■ **What the task asks**:
When writing out the listing below, reproduce every word exactly and skip the pictures.

■ **Records provided**:
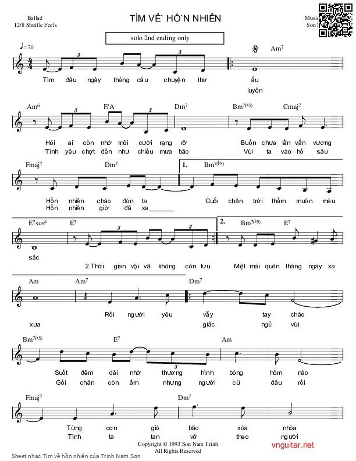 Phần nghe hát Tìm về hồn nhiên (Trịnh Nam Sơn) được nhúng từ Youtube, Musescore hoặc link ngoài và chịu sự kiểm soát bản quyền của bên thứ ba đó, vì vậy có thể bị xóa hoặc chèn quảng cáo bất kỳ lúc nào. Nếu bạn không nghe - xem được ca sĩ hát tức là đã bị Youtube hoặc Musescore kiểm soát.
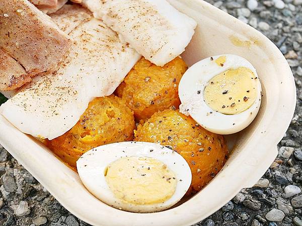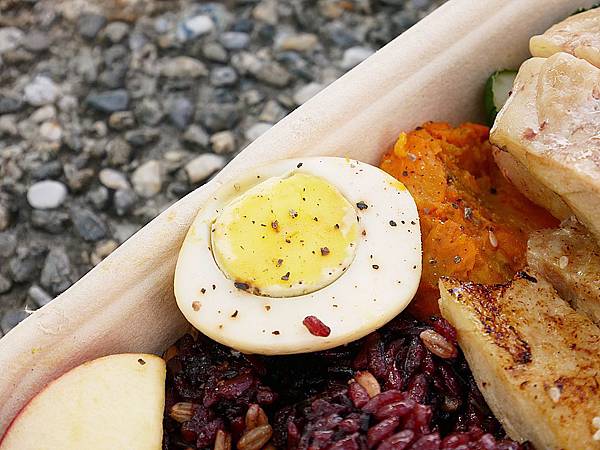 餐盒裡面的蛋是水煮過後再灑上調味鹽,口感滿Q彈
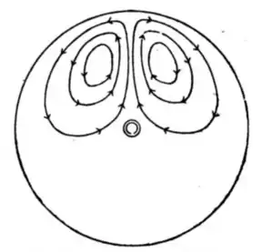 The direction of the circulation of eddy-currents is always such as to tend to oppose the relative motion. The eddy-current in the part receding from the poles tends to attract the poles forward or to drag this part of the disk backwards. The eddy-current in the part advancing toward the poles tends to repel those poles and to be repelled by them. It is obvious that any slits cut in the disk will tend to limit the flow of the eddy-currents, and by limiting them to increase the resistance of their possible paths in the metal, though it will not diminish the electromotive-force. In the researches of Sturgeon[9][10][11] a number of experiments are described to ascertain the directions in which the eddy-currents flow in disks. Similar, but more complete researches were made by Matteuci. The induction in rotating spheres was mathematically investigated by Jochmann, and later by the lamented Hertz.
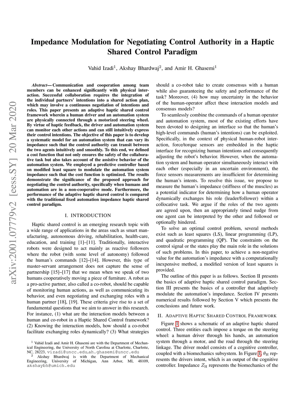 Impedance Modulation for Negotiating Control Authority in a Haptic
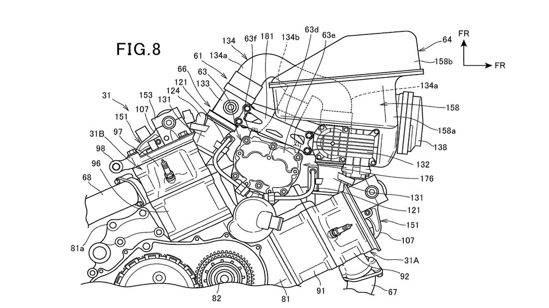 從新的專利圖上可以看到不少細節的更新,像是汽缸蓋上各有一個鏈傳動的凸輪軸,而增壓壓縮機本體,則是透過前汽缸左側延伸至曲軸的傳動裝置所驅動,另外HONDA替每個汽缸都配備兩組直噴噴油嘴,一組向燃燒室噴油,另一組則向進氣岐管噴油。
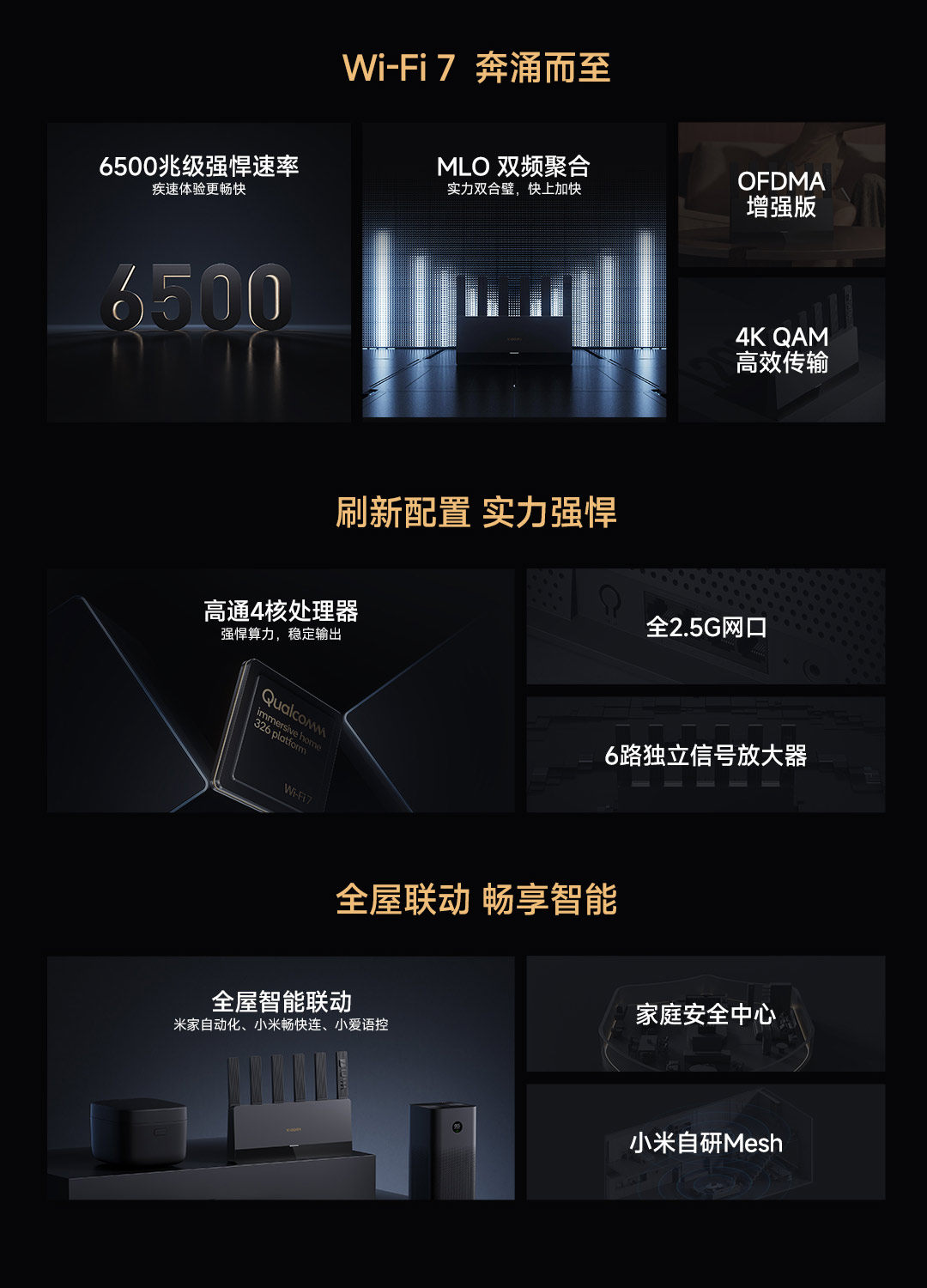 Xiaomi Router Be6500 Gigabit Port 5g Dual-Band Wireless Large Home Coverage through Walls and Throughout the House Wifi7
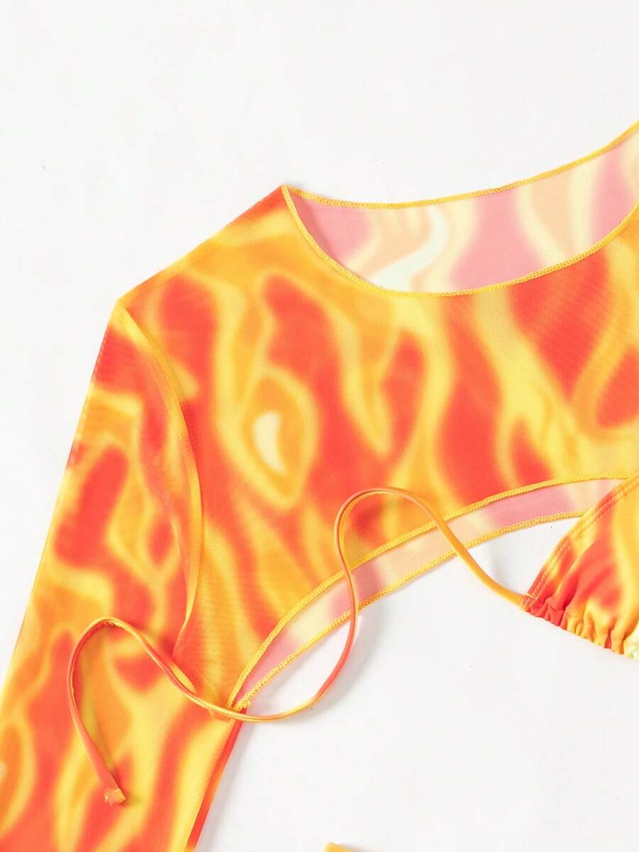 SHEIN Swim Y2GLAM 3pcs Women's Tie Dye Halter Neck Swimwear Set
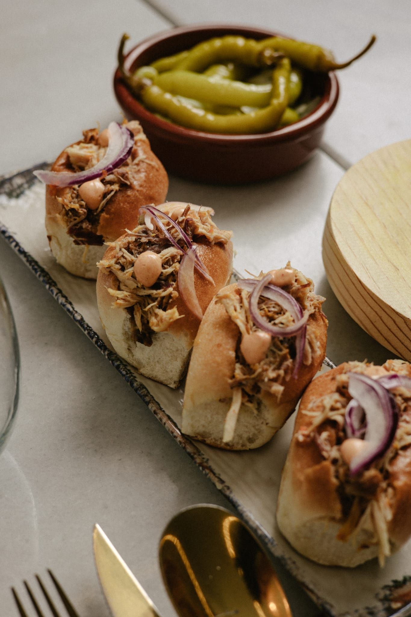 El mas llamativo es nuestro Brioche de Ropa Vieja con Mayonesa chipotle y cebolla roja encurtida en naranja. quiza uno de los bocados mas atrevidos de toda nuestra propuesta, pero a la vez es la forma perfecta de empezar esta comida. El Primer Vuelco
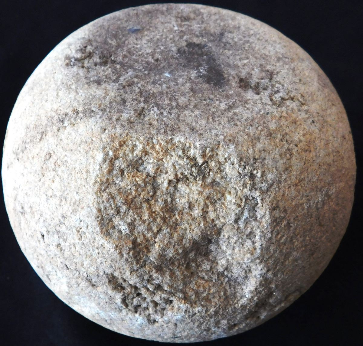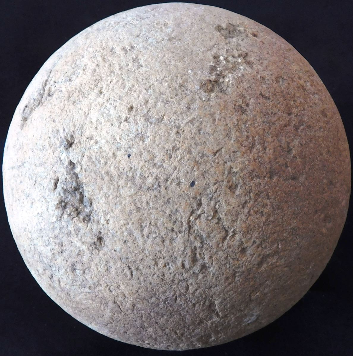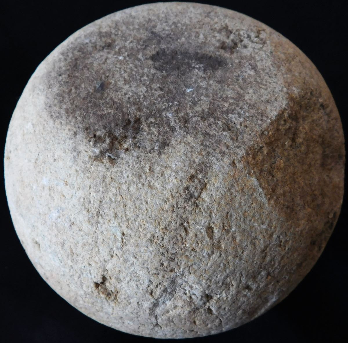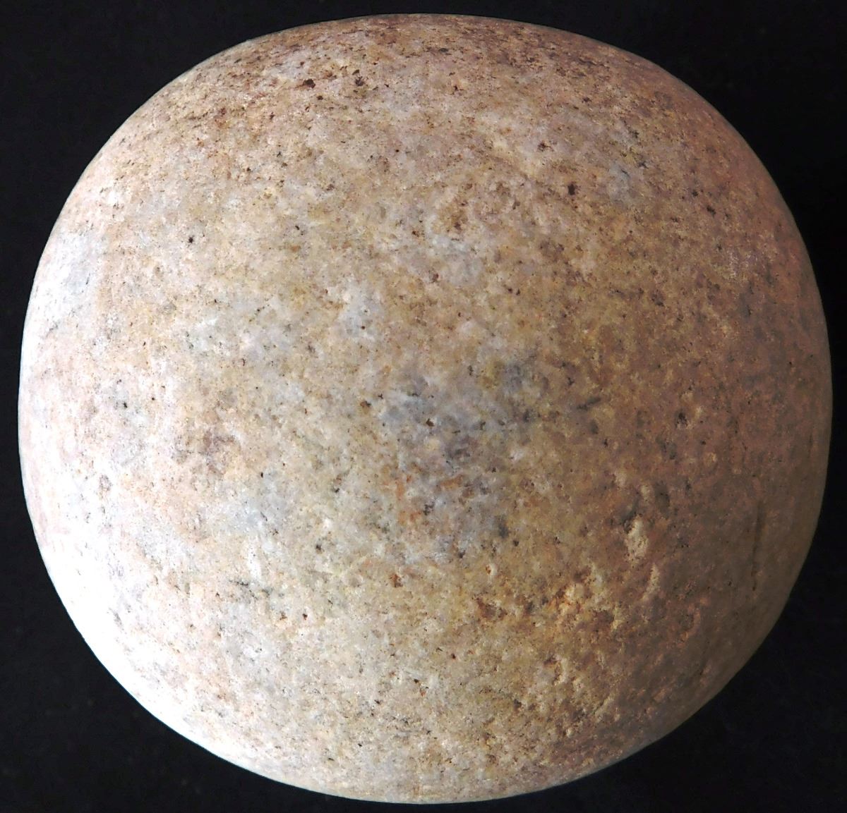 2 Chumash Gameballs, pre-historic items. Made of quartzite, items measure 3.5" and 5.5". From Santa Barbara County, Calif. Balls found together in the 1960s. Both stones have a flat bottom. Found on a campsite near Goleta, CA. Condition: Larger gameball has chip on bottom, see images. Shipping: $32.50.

■ **Output of the task**:
 Phần nghe hát Tìm về hồn nhiên (Trịnh Nam Sơn) được nhúng từ Youtube, Musescore hoặc link ngoài và chịu sự kiểm soát bản quyền của bên thứ ba đó, vì vậy có thể bị xóa hoặc chèn quảng cáo bất kỳ lúc nào. Nếu bạn không nghe - xem được ca sĩ hát tức là đã bị Youtube hoặc Musescore kiểm soát.
 餐盒裡面的蛋是水煮過後再灑上調味鹽,口感滿Q彈
 The direction of the circulation of eddy-currents is always such as to tend to oppose the relative motion. The eddy-current in the part receding from the poles tends to attract the poles forward or to drag this part of the disk backwards. The eddy-current in the part advancing toward the poles tends to repel those poles and to be repelled by them. It is obvious that any slits cut in the disk will tend to limit the flow of the eddy-currents, and by limiting them to increase the resistance of their possible paths in the metal, though it will not diminish the electromotive-force. In the researches of Sturgeon[9][10][11] a number of experiments are described to ascertain the directions in which the eddy-currents flow in disks. Similar, but more complete researches were made by Matteuci. The induction in rotating spheres was mathematically investigated by Jochmann, and later by the lamented Hertz.
 Impedance Modulation for Negotiating Control Authority in a Haptic
 從新的專利圖上可以看到不少細節的更新,像是汽缸蓋上各有一個鏈傳動的凸輪軸,而增壓壓縮機本體,則是透過前汽缸左側延伸至曲軸的傳動裝置所驅動,另外HONDA替每個汽缸都配備兩組直噴噴油嘴,一組向燃燒室噴油,另一組則向進氣岐管噴油。
 Xiaomi Router Be6500 Gigabit Port 5g Dual-Band Wireless Large Home Coverage through Walls and Throughout the House Wifi7
 SHEIN Swim Y2GLAM 3pcs Women's Tie Dye Halter Neck Swimwear Set
 El mas llamativo es nuestro Brioche de Ropa Vieja con Mayonesa chipotle y cebolla roja encurtida en naranja. quiza uno de los bocados mas atrevidos de toda nuestra propuesta, pero a la vez es la forma perfecta de empezar esta comida. El Primer Vuelco
 2 Chumash Gameballs, pre-historic items. Made of quartzite, items measure 3.5" and 5.5". From Santa Barbara County, Calif. Balls found together in the 1960s. Both stones have a flat bottom. Found on a campsite near Goleta, CA. Condition: Larger gameball has chip on bottom, see images. Shipping: $32.50.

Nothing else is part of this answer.